Caminho naquele chão reluzente todo preto, oleaginoso. Passo pelo cartório, e lembro que meus filhos passaram a existir para este mundo.
Sigo em frente. Um cavalo garboso trespassa a rua num galope frenético, o chão parece crepitar debaixo de suas ferraduras.
De repente o animal estaca, o militar puxa o bridão, o bicho resfolega. Abre as patas no chão liso, equilibra-se, fico atônito com aquilo tudo.
Eram bancários, todos de bandeiras e palavras de ordem, protestando contra entrada de terceiros na limpeza, na segurança e, agora, nos caixas dos bancos.
Gente sem registro, sem pai e nem mãe, gente que precisa se vender por qualquer coisa para sobreviver. Sinto que a dignidade da vida é isso.
Espero dispersar, e continuo o meu caminho também para a morte certa, fazemos isso toda manhã, penso resignado.
Vejo vasos plásticos pretos numa loja de R$1,99. Os vasos, porém custam dez vezes isso. A vida tem desses desatinos, vivemos sendo enganados, e que bom, a vida seria um fardo se as coisas não tivessem a nossa impressão, tola.
Vejo livros capa duras numa carroça de reciclagem. O senhor apressa-se em colocá-los no latão retangular do que sobrou de uma geladeira, um caixão de defunto com os livros lá dentro.
Olho inconformado. Meu primeiro absurdo literário. Eu que junto dinheiro para comprar livros ainda escritos com “ph”, de palavras como pharmácia ou Phellipe. Lágrimas escorrem ao lado de meu nariz. Olho tudo, e entendo o que vai na cabeça deste povo, aliás, não entendo, concluo que são brutos.
O carroceiro diz que ganhará R$20,00 com tudo aquilo, mas de 100 livros. Só? Tiro os R$20,00, dou ao carroceiro. Em frente, uma pensão, pergunto para dona da moradia quem jogou os livros, agora molhados lá fora no chão. Ela responde que o velho leitor, um morador solitário da pensão, morrera.
Sem cerimônia, a dona do negócio tratou de jogar tudo fora, para acomodar logo outro morador. O local mais lembrava um pardieiro. A vida é imunda mesmo.

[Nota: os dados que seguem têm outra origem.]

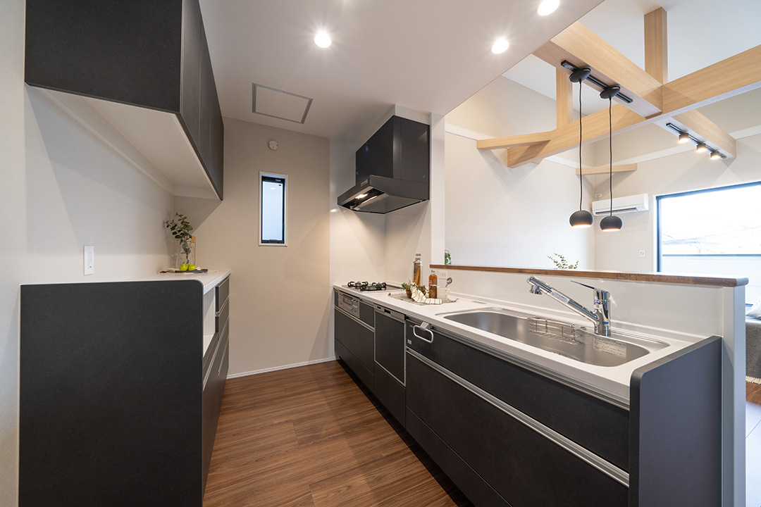 家族が快適に過ごせるバランスの良いレイアウトで、2階で生活が完結する便利な設計。リビングから洗面・浴室への2WAY動線で家事が楽になり、洗面所から直接バルコニーへも出られます。キッチン横の和室は、お子様を遊ばせながら料理ができる安心のスペース。内装はグレーを基調とし、黒い扉がスタイリッシュな雰囲気を演出しており、所々に木目の素材を取り入れ、やさしい印象に仕上げています。

Com os livros na calçada, vou ao orelhão. Ligo para o patrão, digo que não vou para minha morte certa. Vou pra casa.
Digo para mim: vou ensaiar uma poesia cujo título será “Chué de Heresias Livrescas”, quando chegar em casa.
O taxista reclama do cheiro dos livros molhados e velhos. A velhice das pessoas sempre está em repetir hábitos que destroem suas próprias vidas, como negar o conhecimento, mesmo que ele esteja cheirando a mofo.
Chego em casa. Ponho os livros para secar no varal. Na mureta do jardim. Vejo a vida em tudo aquilo, cheirando papel, árvores que se transformaram em histórias, a evolução natural do ser, do vir a ser, porque somos, inexoravelmente. Vidas. Tudo ressoa e tudo é tão infindo dentro de mim, dou graças.